The staff to monitor resolution and to tally votes shall be appointed by the chairman and shall be subject to consent by attending shareholders
(proxies). The staff to monitor voting shall only be shareholders.
Article 11 Unless otherwise provided for in law or Articles of Incorporation, decisions in the shareholders' meeting shall be resolved by a majority vote of the
attending shareholders (proxies).
Where any shareholder who exercises voting power via electronic transmission does not object to the motion, and neither does the other present
shareholders upon the chairperson’s inquiry, the motion shall be deemed as ratified as validly as if voted by ballot.
Where any shareholder objects to the motion, a vote by ballot shall be applied, and the chairperson may decide to vote on a case by case basis, or
adopt a package vote or split vote against various motions (including the motion for election), and count votes separately.
In case of an amendment or alternative to a same proposal, the chairman will determine the order of voting. Where one among them is resolved, all
others shall be deemed vetoed and call for no more voting process.
The results of voting and election shall be announced on the spot after the vote counting and be kept for records.
Article 12 During the process of the meeting, the chairman may announce an intermission as the actual situation may justify.

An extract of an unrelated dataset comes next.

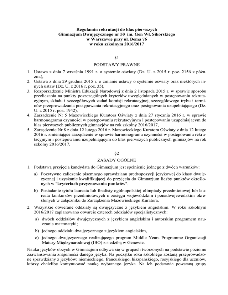 Regulamin rekrutacji do klas pierwszych Gimnazjum Dwujęzycznego nr 50 im. Gen Wł. Sikorskiego w Warszawie przy ul. Bema 76 w roku szkolnym 2016/2017 §1 PODSTAWY PRAWNE 1. Ustawa z dnia 7 września 1991 r. o systemie oświaty (Dz. U. z 2015 r. poz. 2156 z późn. zm.), 2. Ustawa z dnia 29 grudnia 2015 r. o zmianie ustawy o systemie oświaty oraz niektórych innych ustaw (Dz. U. z 2016 r. poz. 35), 3. Rozporządzenie Ministra Edukacji Narodowej z dnia 2 listopada 2015 r. w sprawie sposobu przeliczania na punkty poszczególnych kryteriów uwzględnianych w postępowaniu rekrutacyjnym, składu i szczegółowych zadań komisji rekrutacyjnej, szczegółowego trybu i terminów przeprowadzania postępowania rekrutacyjnego oraz postępowania uzupełniającego (Dz. U. z 2015 r. poz. 1942), 4. Zarządzenie Nr 5 Mazowieckiego Kuratora Oświaty z dnia 27 stycznia 2016 r. w sprawie harmonogramu czynności w postępowaniu rekrutacyjnym i postepowaniu uzupełniającym do klas pierwszych publicznych gimnazjów na rok szkolny 2016/2017, 5. Zarządzenie Nr 8 z dnia 12 lutego 2016 r. Mazowieckiego Kuratora Oświaty z dnia 12 lutego 2016 r. zmieniające zarządzenie w sprawie harmonogramu czynności w postępowaniu rekrutacyjnym i postepowaniu uzupełniającym do klas pierwszych publicznych gimnazjów na rok szkolny 2016/2017. §2 ZASADY OGÓLNE 1. Podstawą przyjęcia kandydata do Gimnazjum jest spełnienie jednego z dwóch warunków: a) Pozytywne zaliczenie pisemnego sprawdzianu predyspozycji językowej do klasy dwujęzycznej i uzyskanie kwalifikującej do przyjęcia do Gimnazjum liczby punktów określonych w "kryteriach przyznawania punktów". b) Posiadanie tytułu laureata lub finalisty ogólnopolskiej olimpiady przedmiotowej lub laureata konkursów przedmiotowych o zasięgu wojewódzkim i ponadwojewódzkim określonych w załączniku do Zarządzenia Mazowieckiego Kuratora. 2. Wszystkie otwierane oddziały są dwujęzyczne z językiem angielskim. W roku szkolnym 2016/2017 zaplanowano otwarcie czterech oddziałów specjalistycznych: a) dwóch oddziałów dwujęzycznych z językiem angielskim i autorskim programem nauczania matematyki; b) jednego oddziału dwujęzycznego z językiem angielskim, c) jednego dwujęzycznego realizującego program Middle Years Programme Organizacji Matury Międzynarodowej (IBO) z siedzibą w Genewie. Nauka języków obcych w Gimnazjum odbywa się w grupach tworzonych na podstawie poziomu zaawansowania znajomości danego języka. Na początku roku szkolnego zostaną przeprowadzone sprawdziany z języków: niemieckiego, francuskiego, hiszpańskiego, rosyjskiego dla uczniów, którzy chcieliby kontynuować naukę wybranego języka. Na ich podstawie powstaną grupy o różnych poziomach: od początkowego do zaawansowanego. W przypadku zbyt niskiej liczby (poniżej 10) kandydatów wybierających określony poziom danego języka, grupy nie tworzy się. §3 TERMINARZ REKRUTACJI ZASADNICZEJ W okresie od 11 kwietnia od godziny 9:00 do 10 maja 2016 r. do godziny 16:00 kandydaci składają w sekretariacie szkoły następujące dokumenty: 1. Wydruk wniosku z systemu elektronicznego wspomagania rekrutacji jeśli wybrany oddział Gimnazjum Dwujęzycznego nr 50 jest pierwszym na liście preferencji. 2. Zgłoszenie przystąpienia do sprawdzianu uzdolnień kierunkowych (druk zgłoszenia dostępny na naszej stronie internetowej oraz w sekretariacie Gimnazjum) z informacją o wyborze drugiego języka obcego: niemieckiego, francuskiego, rosyjskiego lub hiszpańskiego oraz okresu dotychczasowej nauki tego języka. 3. Jedno zdjęcie podpisane na odwrocie. Wszystkich kandydatów obowiązuje pisemny sprawdzian predyspozycji językowych do klas dwujęzycznych, który odbędzie się w terminie 18 maja 2016 r. godz. 9:00 – 10:30 Ostateczny termin ogłoszenia wyników sprawdzianu: 21 maja 2016 r. do godz. 16:00. Sprawdzian predyspozycji językowych jest wzajemnie uznawany na mocy porozumienia dyrektorów szkół przez następujące warszawskie gimnazja prowadzące oddziały dwujęzyczne: 1. Gimnazjum nr 1 z Oddziałami Dwujęzycznymi im. Roberta Schumana ul. Tyniecka 25 02-615 Warszawa 2. Gimnazjum z Oddziałami Dwujęzycznymi nr 18 im. Ignacego Jana Paderewskiego ul. Angorska 2 03-913 Warszawa 3. Gimnazjum z Oddziałami Dwujęzycznymi nr 19 im. Bolesława Prusa ul. Zwycięzców 7/9 03-936 Warszawa 4. Gimnazjum z Oddziałami Dwujęzycznymi nr 25 im. Czesława Niemena ul. Zwycięzców 44 03-938 Warszawa 5. Gimnazjum nr 27 z Oddziałami Dwujęzycznymi im. Orląt Lwowskich ul. gen. Abrahama R. 10 03-982 Warszawa 6. Zespół Szkół nr 66 w Warszawie Gimnazjum Dwujęzyczne nr 33 im. Stefana Batorego ul. Myśliwiecka 6 00-459 Warszawa 7. Zespół Szkół nr 67 Gimnazjum Dwujęzyczne nr 34 im. Narcyzy Żmichowskiej ul. Klonowa 16 00-951 Warszawa 8. Gimnazjum Dwujęzyczne nr 42 im. Bohaterek Powstania Warszawskiego ul. Twarda 8/12 00-105 Warszawa 9. Gimnazjum nr 44 im. Generała Pawła Chrzanowskiego ul. Smolna 30 00-375 Warszawa 10. Gimnazjum nr 47 z Oddziałami Dwujęzycznymi im. Marszałka Józefa Piłsudskiego ul. Grenady 16 01-154 Warszawa 11. Gimnazjum nr 49 z Oddziałami Dwujęzycznymi im. Stefana Starzyńskiego ul. Smocza 19 01-051 Warszawa 12. Gimnazjum Dwujęzyczne nr 50 im. gen. Władysława Sikorskiego w Zespole Szkół nr 117 ul. gen. Józefa Bema 76 01-225 Warszawa 13. Gimnazjum Dwujęzyczne nr 53 im. Stefanii Sempołowskiej ul. Ks. J. Popiełuszki 5 01-786 Warszawa 14. Gimnazjum nr 58 z Oddziałami Dwujęzycznymi im. Władysława IV ul. Jagiellońska 38 03-719 Warszawa 15. Gimnazjum Dwujęzyczne nr 59 ul. Wiktorska 30/32 02-587 Warszawa 16. Gimnazjum z Oddziałami Dwujęzycznymi nr 72 im. Antoniego Bolesława Dobrowolskiego ul. Przybyszewskiego 45 01-849 Warszawa 17. Gimnazjum z Oddziałami Dwujęzycznymi nr 83 im. Konstancji Markiewicz ul. Andriollego M. E. 1 01-494 Warszawa 18. Gimnazjum z Oddziałami Dwujęzycznymi nr 93 im. Księżnej Izabeli Czartoryskiej ul. Szolc-Rogozińskiego 2 02-7

Article 13 In case of an air-raid alarm during process of a meeting, the meeting shall be discontinued forthwith for evacuation. The meeting may be resumed an
hour after the “all-clear” announcement.
Article 14 The chairman may command security guards or discipline personnel to help maintain the order of the meeting. Such security guards or discipline
personnel shall wear armbands to identify their capacity while on duty to maintain the order.
Article 15 The shareholders (proxies) shall accept instructions by the chairman, the security guards or discipline personnel in maintaining the order. The
chairman, the security guards or discipline personnel may expel those who interfere with the shareholders’ meeting.
Article 16 Any matters insufficiently provided for herein shall be subject to the Company Law, Securities Trading Law and other laws concerned.
Article 17 These Regulations and amendment hereof shall come into enforcement after binge resolved in the shareholders’ meeting.